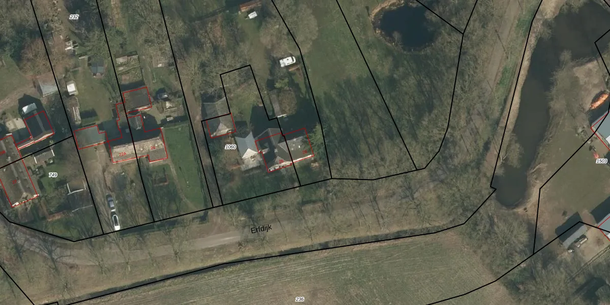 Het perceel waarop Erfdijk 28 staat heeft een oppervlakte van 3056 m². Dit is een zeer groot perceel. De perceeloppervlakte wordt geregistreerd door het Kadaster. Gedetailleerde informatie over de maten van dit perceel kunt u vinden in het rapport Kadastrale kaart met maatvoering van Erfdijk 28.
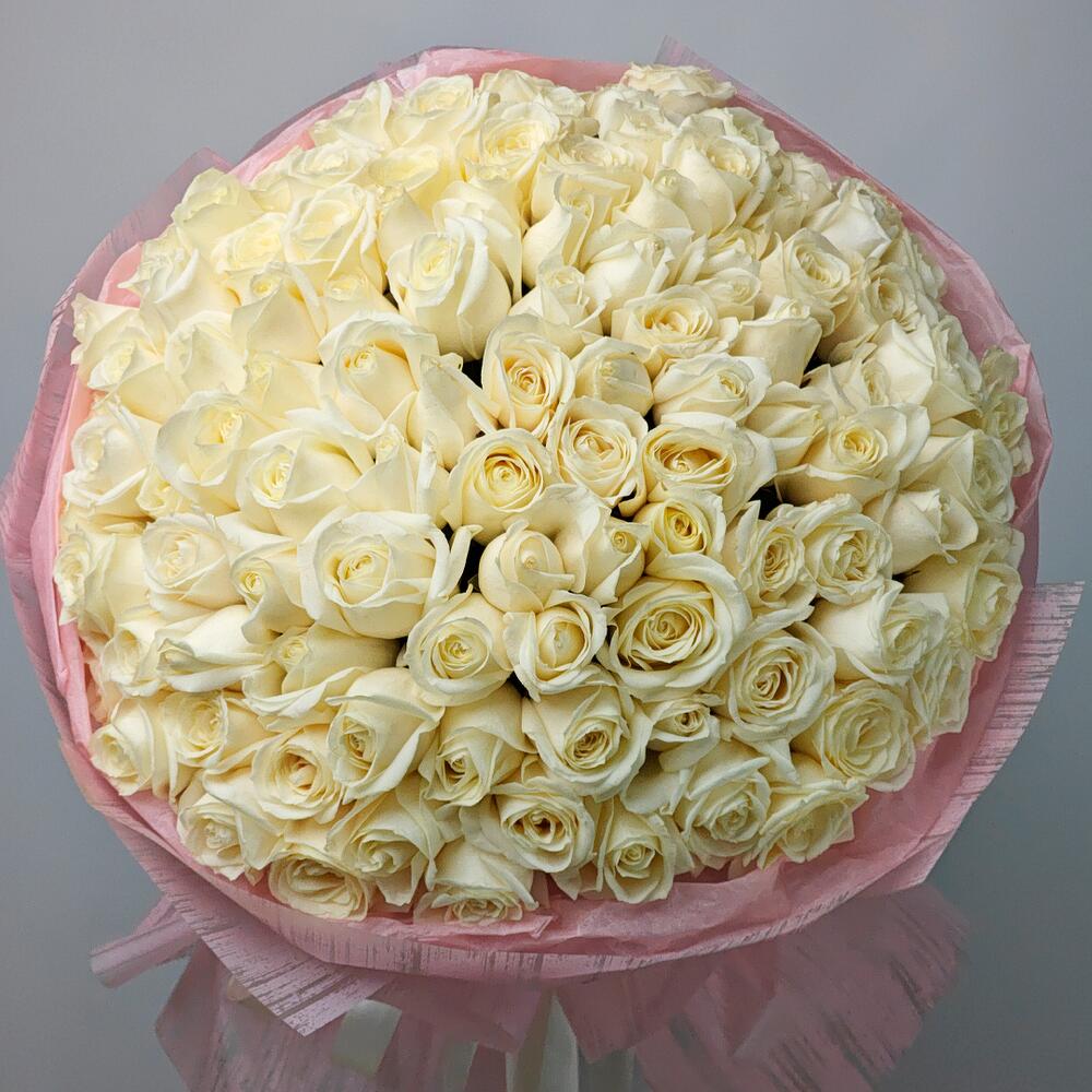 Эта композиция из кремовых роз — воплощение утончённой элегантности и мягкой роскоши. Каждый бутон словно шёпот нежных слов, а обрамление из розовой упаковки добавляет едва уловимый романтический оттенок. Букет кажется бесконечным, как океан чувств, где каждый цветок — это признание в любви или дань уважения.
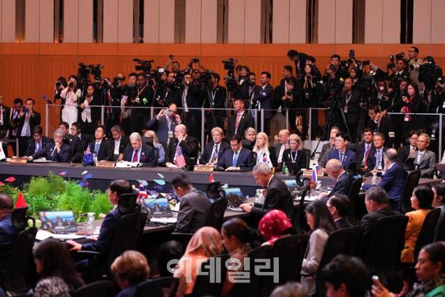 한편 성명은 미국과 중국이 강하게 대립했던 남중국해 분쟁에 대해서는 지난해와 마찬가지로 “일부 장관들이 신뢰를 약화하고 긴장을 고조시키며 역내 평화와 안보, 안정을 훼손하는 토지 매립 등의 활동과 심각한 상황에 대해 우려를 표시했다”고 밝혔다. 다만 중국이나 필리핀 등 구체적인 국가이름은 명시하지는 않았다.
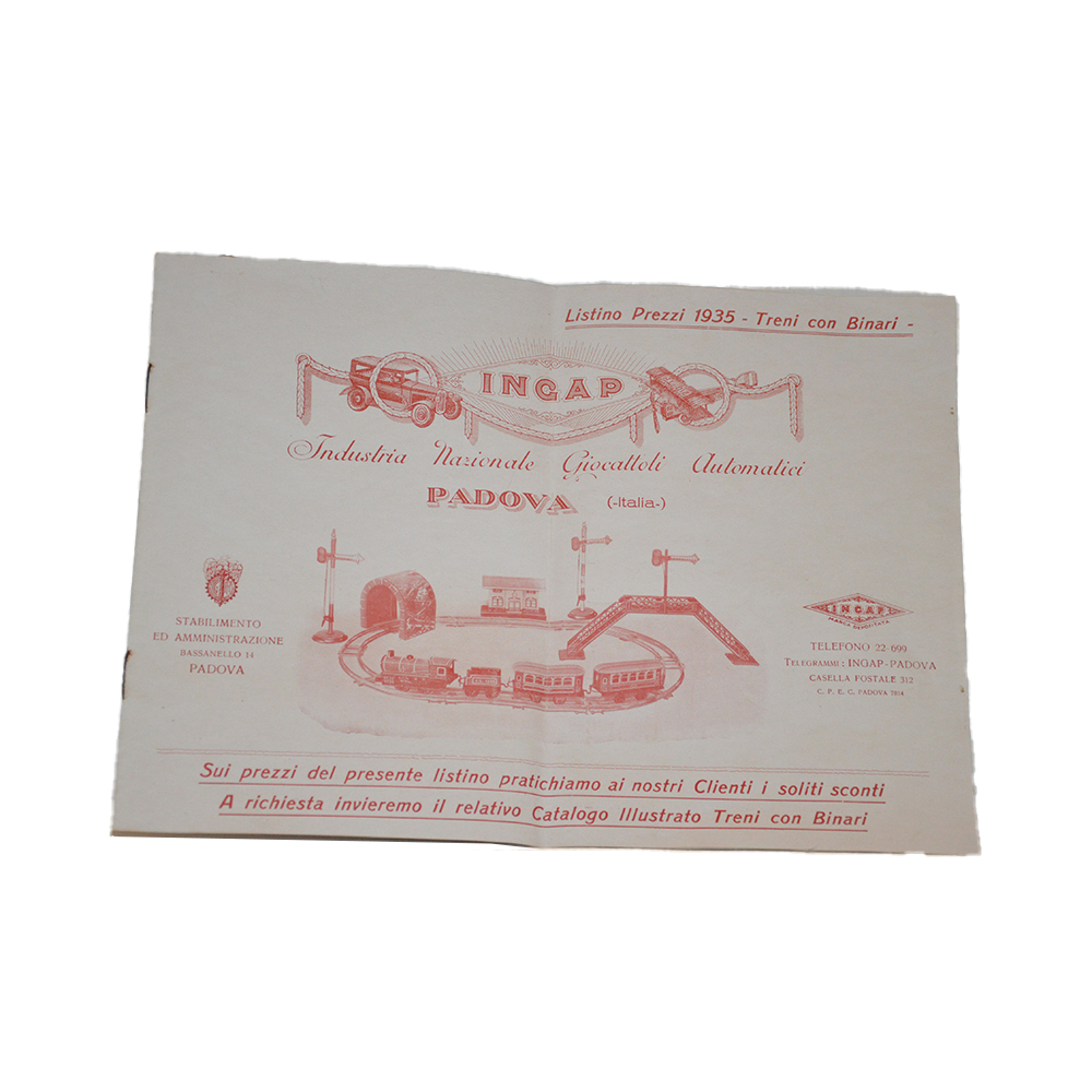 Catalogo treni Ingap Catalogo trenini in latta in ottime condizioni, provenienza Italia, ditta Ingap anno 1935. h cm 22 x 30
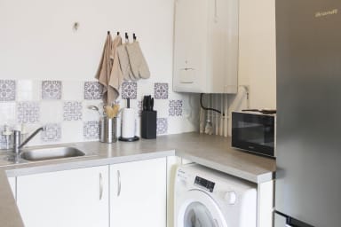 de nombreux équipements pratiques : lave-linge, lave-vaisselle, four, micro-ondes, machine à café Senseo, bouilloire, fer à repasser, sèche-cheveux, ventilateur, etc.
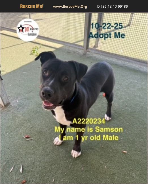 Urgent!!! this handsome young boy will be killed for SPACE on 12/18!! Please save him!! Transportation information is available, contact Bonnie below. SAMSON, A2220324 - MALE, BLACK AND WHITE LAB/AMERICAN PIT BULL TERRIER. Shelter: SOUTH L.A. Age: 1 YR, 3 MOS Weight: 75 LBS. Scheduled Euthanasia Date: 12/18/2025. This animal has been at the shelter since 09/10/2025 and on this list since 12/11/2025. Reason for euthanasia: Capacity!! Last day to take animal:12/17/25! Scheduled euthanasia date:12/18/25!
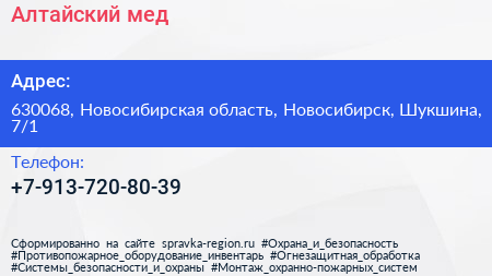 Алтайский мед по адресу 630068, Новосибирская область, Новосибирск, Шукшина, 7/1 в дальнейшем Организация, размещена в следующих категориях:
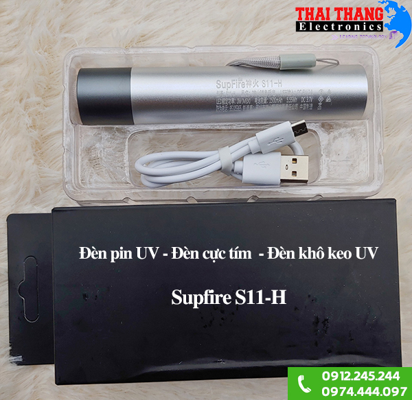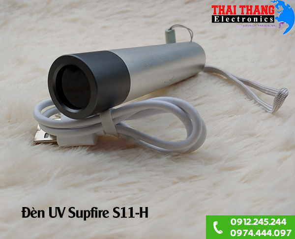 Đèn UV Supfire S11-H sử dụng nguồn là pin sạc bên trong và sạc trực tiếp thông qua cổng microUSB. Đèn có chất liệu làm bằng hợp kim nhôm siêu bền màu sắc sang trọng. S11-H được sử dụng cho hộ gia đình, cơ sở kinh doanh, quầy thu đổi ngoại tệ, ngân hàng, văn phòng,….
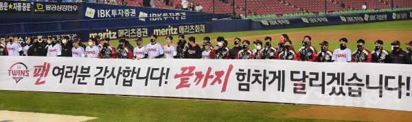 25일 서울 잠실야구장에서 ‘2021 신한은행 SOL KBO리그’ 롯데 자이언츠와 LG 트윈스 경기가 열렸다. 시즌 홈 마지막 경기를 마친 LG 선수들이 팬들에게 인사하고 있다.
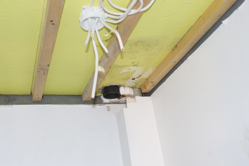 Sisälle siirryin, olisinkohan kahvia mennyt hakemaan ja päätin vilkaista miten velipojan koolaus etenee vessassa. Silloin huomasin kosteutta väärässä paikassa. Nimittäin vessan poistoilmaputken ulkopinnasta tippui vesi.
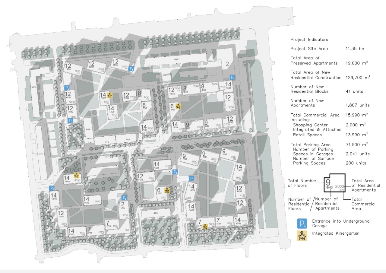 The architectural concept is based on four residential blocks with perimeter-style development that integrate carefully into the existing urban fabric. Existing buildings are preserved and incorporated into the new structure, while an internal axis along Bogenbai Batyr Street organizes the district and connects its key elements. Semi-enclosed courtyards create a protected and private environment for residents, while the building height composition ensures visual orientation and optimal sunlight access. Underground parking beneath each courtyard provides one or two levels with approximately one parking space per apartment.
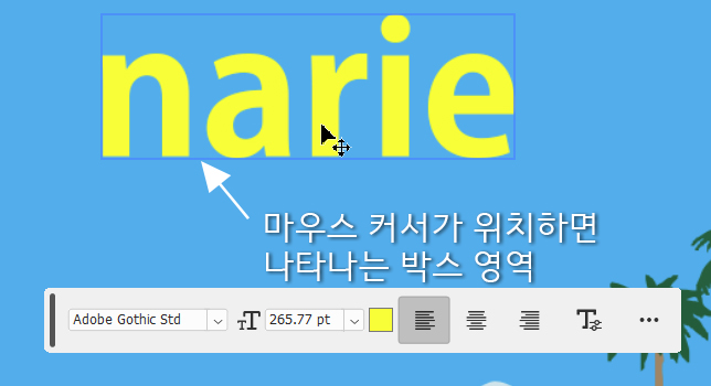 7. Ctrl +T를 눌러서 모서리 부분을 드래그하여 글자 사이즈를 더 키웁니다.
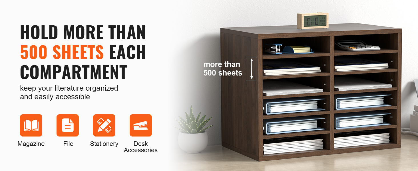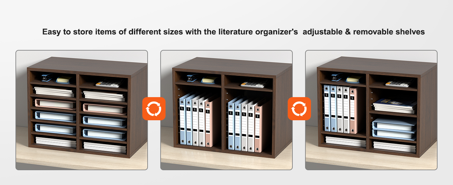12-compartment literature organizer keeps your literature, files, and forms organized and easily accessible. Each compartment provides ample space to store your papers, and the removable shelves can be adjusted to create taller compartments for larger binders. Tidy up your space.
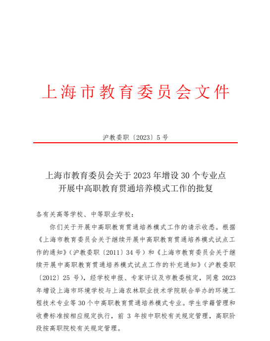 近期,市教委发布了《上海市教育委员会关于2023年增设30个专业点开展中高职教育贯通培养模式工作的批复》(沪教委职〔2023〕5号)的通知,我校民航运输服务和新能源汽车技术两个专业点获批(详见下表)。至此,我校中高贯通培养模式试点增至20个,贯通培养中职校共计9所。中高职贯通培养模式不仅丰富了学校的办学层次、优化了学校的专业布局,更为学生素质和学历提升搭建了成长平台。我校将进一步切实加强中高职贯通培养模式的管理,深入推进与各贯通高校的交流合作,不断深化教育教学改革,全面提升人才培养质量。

■ ■ ■

§ Try it
Everything in the records except the pictures should be retyped exactly.

§ Answer to this exercise
 Het perceel waarop Erfdijk 28 staat heeft een oppervlakte van 3056 m². Dit is een zeer groot perceel. De perceeloppervlakte wordt geregistreerd door het Kadaster. Gedetailleerde informatie over de maten van dit perceel kunt u vinden in het rapport Kadastrale kaart met maatvoering van Erfdijk 28.
 Эта композиция из кремовых роз — воплощение утончённой элегантности и мягкой роскоши. Каждый бутон словно шёпот нежных слов, а обрамление из розовой упаковки добавляет едва уловимый романтический оттенок. Букет кажется бесконечным, как океан чувств, где каждый цветок — это признание в любви или дань уважения.
 한편 성명은 미국과 중국이 강하게 대립했던 남중국해 분쟁에 대해서는 지난해와 마찬가지로 “일부 장관들이 신뢰를 약화하고 긴장을 고조시키며 역내 평화와 안보, 안정을 훼손하는 토지 매립 등의 활동과 심각한 상황에 대해 우려를 표시했다”고 밝혔다. 다만 중국이나 필리핀 등 구체적인 국가이름은 명시하지는 않았다.
 Catalogo treni Ingap Catalogo trenini in latta in ottime condizioni, provenienza Italia, ditta Ingap anno 1935. h cm 22 x 30
 de nombreux équipements pratiques : lave-linge, lave-vaisselle, four, micro-ondes, machine à café Senseo, bouilloire, fer à repasser, sèche-cheveux, ventilateur, etc.
 Urgent!!! this handsome young boy will be killed for SPACE on 12/18!! Please save him!! Transportation information is available, contact Bonnie below. SAMSON, A2220324 - MALE, BLACK AND WHITE LAB/AMERICAN PIT BULL TERRIER. Shelter: SOUTH L.A. Age: 1 YR, 3 MOS Weight: 75 LBS. Scheduled Euthanasia Date: 12/18/2025. This animal has been at the shelter since 09/10/2025 and on this list since 12/11/2025. Reason for euthanasia: Capacity!! Last day to take animal:12/17/25! Scheduled euthanasia date:12/18/25!
 Алтайский мед по адресу 630068, Новосибирская область, Новосибирск, Шукшина, 7/1 в дальнейшем Организация, размещена в следующих категориях:
 Đèn UV Supfire S11-H sử dụng nguồn là pin sạc bên trong và sạc trực tiếp thông qua cổng microUSB. Đèn có chất liệu làm bằng hợp kim nhôm siêu bền màu sắc sang trọng. S11-H được sử dụng cho hộ gia đình, cơ sở kinh doanh, quầy thu đổi ngoại tệ, ngân hàng, văn phòng,….
 25일 서울 잠실야구장에서 ‘2021 신한은행 SOL KBO리그’ 롯데 자이언츠와 LG 트윈스 경기가 열렸다. 시즌 홈 마지막 경기를 마친 LG 선수들이 팬들에게 인사하고 있다.
 Sisälle siirryin, olisinkohan kahvia mennyt hakemaan ja päätin vilkaista miten velipojan koolaus etenee vessassa. Silloin huomasin kosteutta väärässä paikassa. Nimittäin vessan poistoilmaputken ulkopinnasta tippui vesi.
 The architectural concept is based on four residential blocks with perimeter-style development that integrate carefully into the existing urban fabric. Existing buildings are preserved and incorporated into the new structure, while an internal axis along Bogenbai Batyr Street organizes the district and connects its key elements. Semi-enclosed courtyards create a protected and private environment for residents, while the building height composition ensures visual orientation and optimal sunlight access. Underground parking beneath each courtyard provides one or two levels with approximately one parking space per apartment.
 7. Ctrl +T를 눌러서 모서리 부분을 드래그하여 글자 사이즈를 더 키웁니다.
12-compartment literature organizer keeps your literature, files, and forms organized and easily accessible. Each compartment provides ample space to store your papers, and the removable shelves can be adjusted to create taller compartments for larger binders. Tidy up your space.
 近期,市教委发布了《上海市教育委员会关于2023年增设30个专业点开展中高职教育贯通培养模式工作的批复》(沪教委职〔2023〕5号)的通知,我校民航运输服务和新能源汽车技术两个专业点获批(详见下表)。至此,我校中高贯通培养模式试点增至20个,贯通培养中职校共计9所。中高职贯通培养模式不仅丰富了学校的办学层次、优化了学校的专业布局,更为学生素质和学历提升搭建了成长平台。我校将进一步切实加强中高职贯通培养模式的管理,深入推进与各贯通高校的交流合作,不断深化教育教学改革,全面提升人才培养质量。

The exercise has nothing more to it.